It’s official – The group of doctors who belong to the American Medical Association has now decided to sign off on obesity as a disease, which means that…..well what does it mean exactly?
Definition of disease
If you turn to the Miriam-Webster online dictionary, you will find that a disease is: “a condition of the living animal or plant body or of one of its parts that impairs normal functioning and is typically manifested by distinguishing signs and symptoms : sickness, malady.” Not everyone agrees with that particular definition.
Does the A.M.A. position have any legal authority?
It does not, and frankly many health professionals still do not agree on what constitutes a disease.

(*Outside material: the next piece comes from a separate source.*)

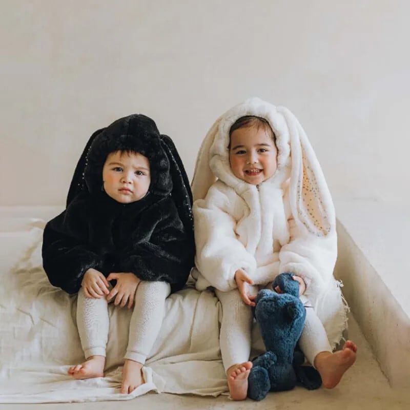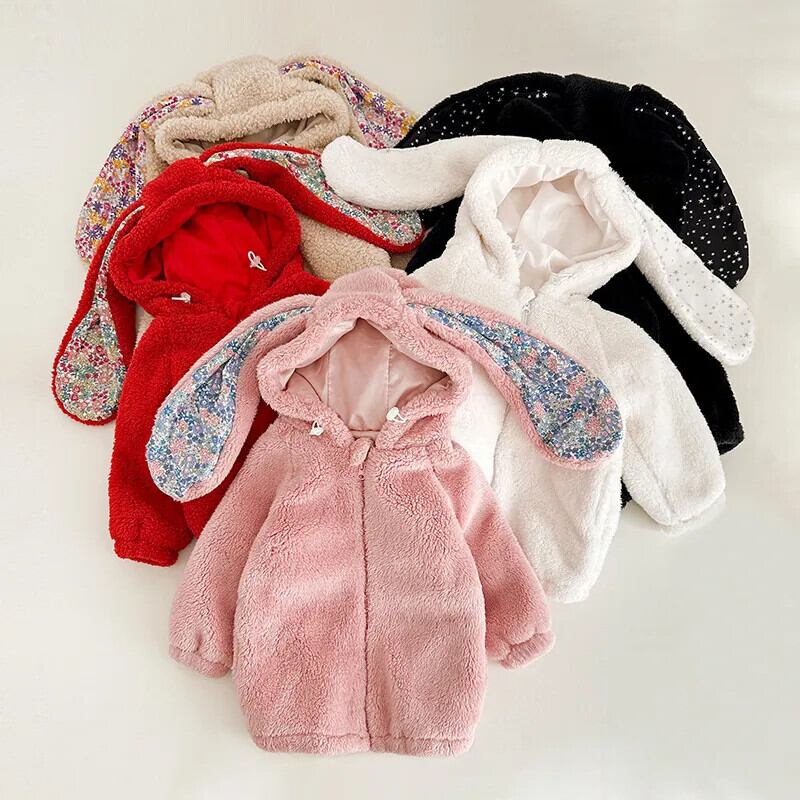 フリース厚い子供コート 1-7Y 幼児ベビー暖かいウサギフード付きコート子供ロング生き抜くベビーガールズボーイズ冬ジャケット ウィンター 冬物 キッズ

It’s also important to point out that only between 15% and 29% of doctors (sources offer different statistics) practicing in the U.S., belong to the A.M.A., due to disagreements with its position on Medicare, lack of progress on malpractice reform, position on the Affordable Care Act, and other key physician and healthcare issues. So to be clear, the A.M.A. perspective on obesity as a disease was by no means a position taken by most doctors in the U.S., though, if asked, they may agree that it is time to classify it as such.
What does this decision represent?
First of all, the A.M.A. overrode a recommendation by a committee. The Council on Science and Public Health, that had studied the issue for more than a year, and had decided not to support this new disease distinction. The new definition may help to improve insurance coverage for treatments that range from group exercise and personal training, to visits with dieticians and nutritionists or licensed health and lifestyle coaches. It may also provide the opportunity for more government funds to be spent on associated conditions like diabetes and heart disease. It could also help to provide more coverage for drugs, surgery and other supportive and preventive therapies Certainly doctors should now be compelled to proactively engage patients in conversation about weight, even if the patient appears reluctant. It should also be noted that back in 2008, The Obesity Society had officially recommended that obesity be classified as a disease. The IRS has, in recent years, allowed more obesity treatments to qualify for tax credits. this may push that trend even further.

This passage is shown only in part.